No significant circularity in the derivation chain

full rationale

The paper presents an automated framework for generating predecoders for arbitrary qLDPC codes, with performance claims (over 90% workload processing, up to 3963x decoder utilization reduction, 72.71% OSD reduction, and hardware scaling for BB codes) described as empirical outcomes of applying the framework rather than quantities derived by definition from its own inputs. No equations, self-referential fitting, fitted-input-as-prediction, or load-bearing self-citations appear in the abstract or description that would reduce the central claims to tautologies or prior author work by construction. The generation procedure and pipelined design are introduced as independent constructions, making the derivation self-contained against external benchmarks such as FPGA/ASIC implementations and workload metrics.
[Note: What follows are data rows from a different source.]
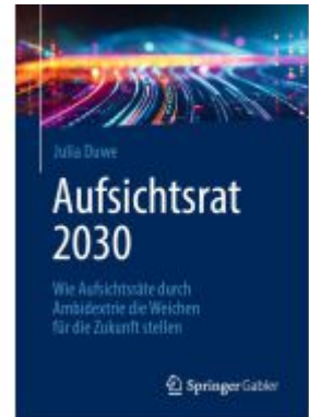
Aufsichtsrat 2030 Ladenpreis: 51,39EUR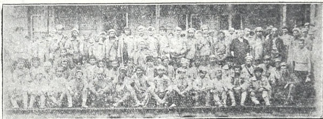
ადერბეიჯანის ტყვეობიდან ჩამოსული ქართველი ტყვენი თბილისის სადგურზე, ჩამოსვლისთანავე გადაღებულნი.

მამაკურ ბრძოლაში უამრბ მტრისგან დატყვევებულნი, რომელთაც ადერბეიჯანში კომუნისტ-ბოლშევიკებმა საუკე-ესო ტანისამოსი გააძვრეს, თავისი ძველი ტანისამოსი ჩააცვეს, ქუჩა-ქუჩა ატარებდენ და ხალხს ეღბნეოდენ: აი საქართველოს ასეთი ჩამობღღერბილი ჯარბი ჰყავსო. შემდეგ მოსთხოვეს — ჩვენს „ქართულ“ პოლკმა შემობდათ საქართველოს წინააღმდეგო, მაგრამ რაკი ტყვენი არ დასთანხმდნენ, ნაგრუნის კუნძულზე გადასახლეს და თითქმის შობილით დახოვეს. ზავის შემდეგ ეს ტყვეები გაანთავისუფლეს.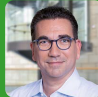
Guido Déus Oberbürgermeister der Stadt Bonn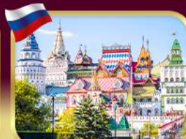
อิสมาลอฟสกีมาร์เก็ต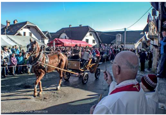
Vaško jedro na Blejski Dobravi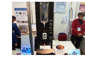
地域健康データシステム構築 (H33頃～)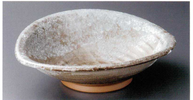
8-6-282 唐津白タタキ盛り鉢 4,350円 33.7×30.5×9.5cm 15入 00806282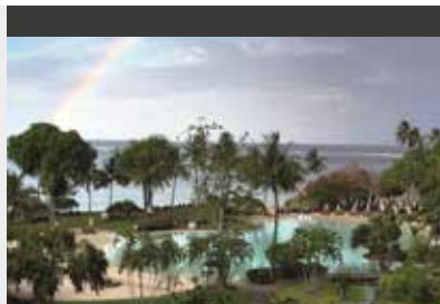
Papeete | Tahiti la Ora Beach Resort managed by Sofitel (4*) Luxury Garden Room | Gepflegte Anlage mit großem Meersandpool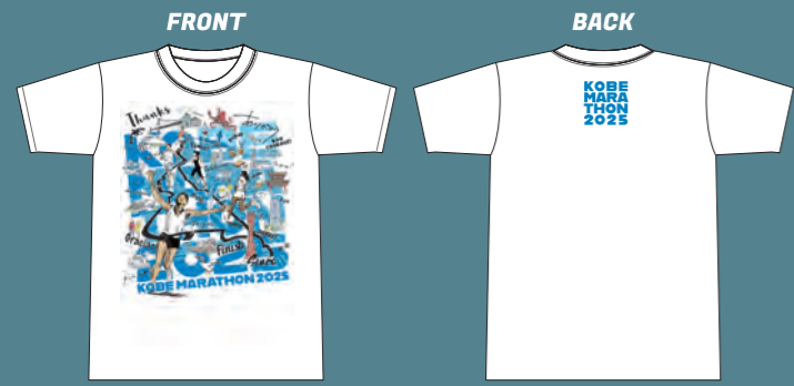
KOBE MARATHON 2025 OFFICIAL T-shirt

今大会のランナー限定で、神戸マラソン2025オフィシャルTシャツの購入ができます。フロントには神戸マラソン2025のメインビジュアルを使用した、特別デザインです。 ※エントリー後の変更はできませんのでご注意ください。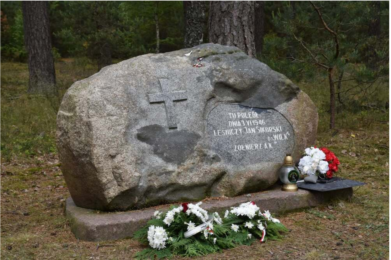
Bieg Pamięci w Lipinkach, 13 czerwca 2026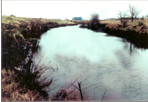
Figura 3. Río Matanza. Ruta 3.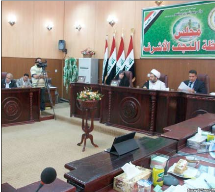
مجلس محافظة النجف السابق.. (ارشيف)

محافظة عراقية ولديه مكاتب فيها بالإضافة اربعة مكاتب إقليمية في بغداد واربيل وبابل والبصرة ويختص بتقديم المشورة للحكومات المحلية.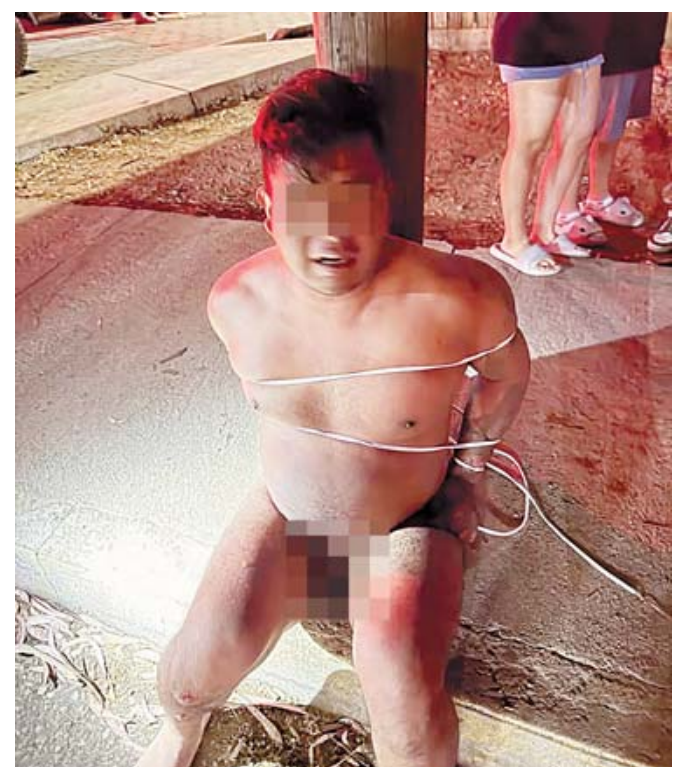
El hombre fue despojado de su ropa y amarrado a un poste.

Los vecinos señalaron que están hartos de los constantes robos en la zona, por lo que advirtieron que, ante la falta de respuesta de las autoridades, continuarán organizándose para defenderse por cuenta propia. 15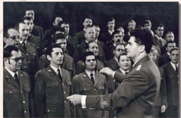
A Honvéd Férfikar karnagya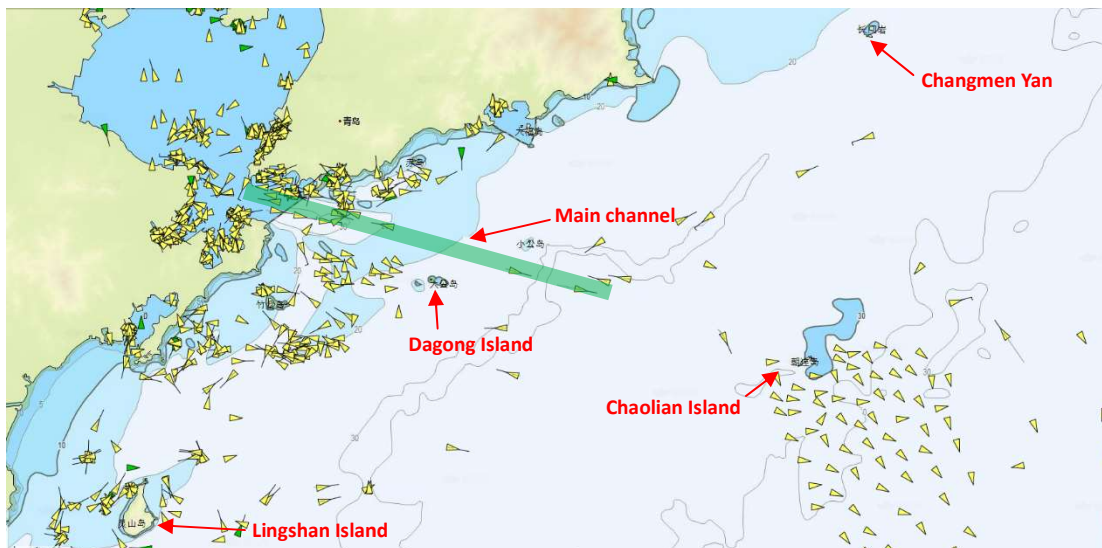
An illustration of key navigable waters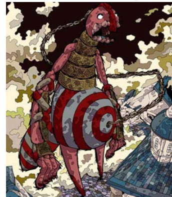
大久保 篤 「月刊少年ガンガン ソウルイーター」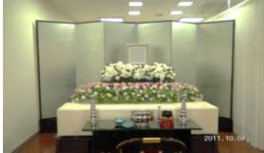
上記お見積りに使用している祭壇いる祭壇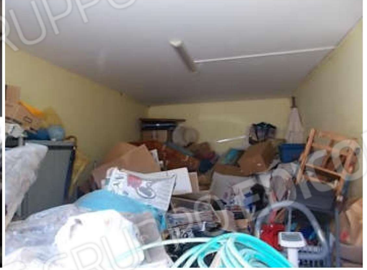
viste interne del box auto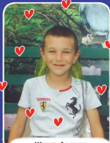
Шакъ Аслъэн МОУ СОШ № 2, ильэсибгъу, Къэхъун къу.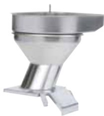
Automatický násypný otvor s podavačem Ref. 39681 - 65 810 Kč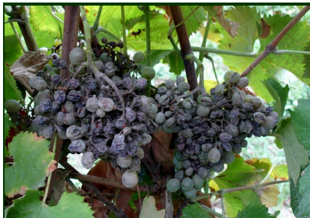
Oídio nos cachos em vinha descuidada

O oídio pode atacar os bagos de uva até ao pintor. No entanto, mesmo depois desta fase, havendo condições meteorológicas favoráveis, o oídio pode ainda atingir o pedúnculo e o ráquis (“cangaço”) do cacho. Em consequência, as uvas murcham, amadurecem mal ou acabam mesmo por necrosar.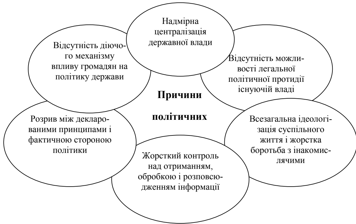
Рис. 2. Причини політичних конфліктів у тоталітарних режимах

Побудовано авторами за джерелами [1; 3].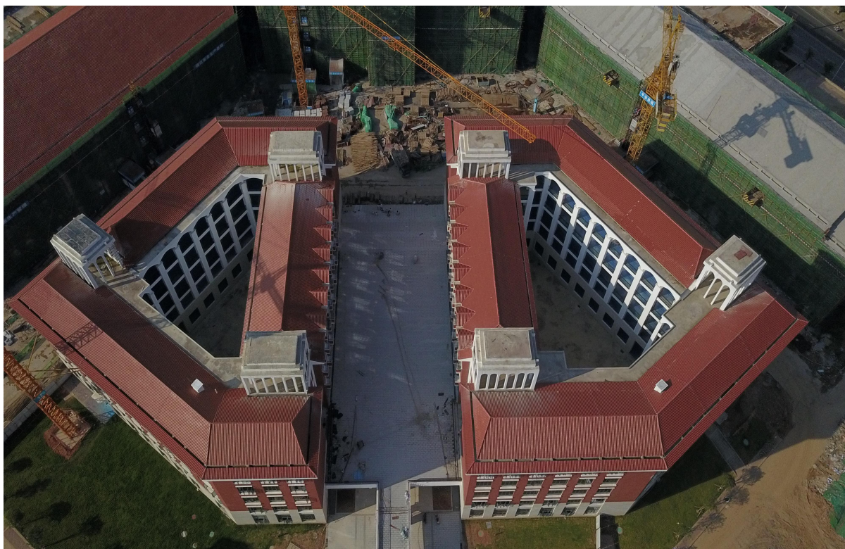
(二期 1#综合教学楼施工鸟瞰图)

Axiom & Free-Parameter Ledger

0 free parameters · 1 axioms · 1 invented entities

The central claim rests on the existence and effectiveness of the automated predecoder generator; no explicit free parameters, new physical entities, or non-standard axioms are stated in the abstract.

axioms (1)
  • domain assumption Standard assumptions of quantum error correction, qLDPC code properties, and classical decoding latency models hold for the tested instances.
    The workload-reduction claims presuppose that qLDPC decoding behaves as modeled in prior literature.
invented entities (1)
  • Automated predecoder generation framework no independent evidence
    purpose: To produce lightweight predecoders for any qLDPC code without manual design.
    The framework itself is the novel artifact introduced to solve the stated gap.